Here is a simple road map to the important procedures included in this
file.

dodeferred is here used to handle any dynamic indications (eg. !ppp!)
which may be contained in the file. The %%MIDI messages are stored
in a atext string which is pointed to by the contents of the pitch[]
array.

checkbar is called each time a bar line is encountered and reports
a warning if the wrong number of beats occur.

Transitions between parts are handled by the procedure partbreak.

There are a number of procedures for handling karoake text --
karaokestarttrack(), findwline(startline), getword(place,w),
write_syllable(place) and checksyllables().

For the first track, the meter, tempo and key signature are recorded
using the functions set_meter(n,m), write_meter(n,m), write_keysig(sf,mi).

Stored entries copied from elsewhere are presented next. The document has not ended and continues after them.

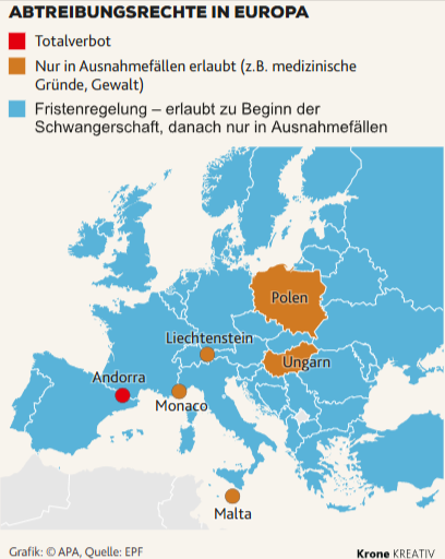 En la mayoría de los países, el aborto está permitido al inicio del embarazo, pero solo en circunstancias excepcionales posteriormente. En Polonia, Hungría, Liechtenstein, Mónaco y Malta, el aborto solo está permitido en casos excepcionales. Andorra lo prohíbe totalmente. Fuente: EPF.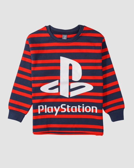 - ست بلوز شلوار پسرانه طرح راه راه PLAY STATION قرمز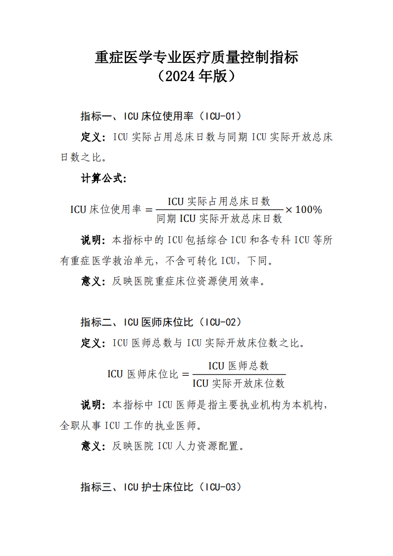 国家卫生健康委办公厅关于印发重症医学专业医疗质量控制指标(2024年版)的通知

Chordal accompaniment is produced by the procedure dogchords(i).


queues.c
--------

For each midi note, it is necessary to send a note-on and a note-off
instruction. When polyphonic music is played on the same track, keeping
track of the time to issue a note-off instruction may get complicated.
The procedures in this file are used to maintain a linked list for the
notes to be turned off. The notes are put into the list in the order
that they are encountered but the order in which to issue note-off
commands is maintained by the links. As many as 50 notes playing
simultaneously can be handled by the list.


Addendum
--------

The following section contains clarifications on various components
of abc2midi.

29 June 2003

Treatment of octave shifts.

The key signature field command K: has provision for shifting
a note using either transpose= or octave= subcommands. Both
of these functions operate quite differently and deserve some
description especially for multivoiced tunes.

The octave shift, is performed in event_note in store.c, using
the cached value v.octaveshift which is stored in the global
voicecontext structure, v. There is a structure for each voice
in the abc file.  Whenever a new V: command is encountered,
event_voice (store.c) is invoked, which swaps the appropriate
voices structure into the global v array using the function
getvoicecontext(n). If getvoicecontext cannot find a cached
structure for that voice, then a new voice structure is created
and added to the linked list of voice structures. The v.octaveshift
variable is updated by event_octave which is called by event_key
(store.c) which is called by parsekey in parseabc.c
(Comment: it is not too clear how an octave switch is
handled in the middle of a repeat section. i.e. does the old
value get restored when repeating.)

(Description of transpose shift is in CHANGES July 1 2003.)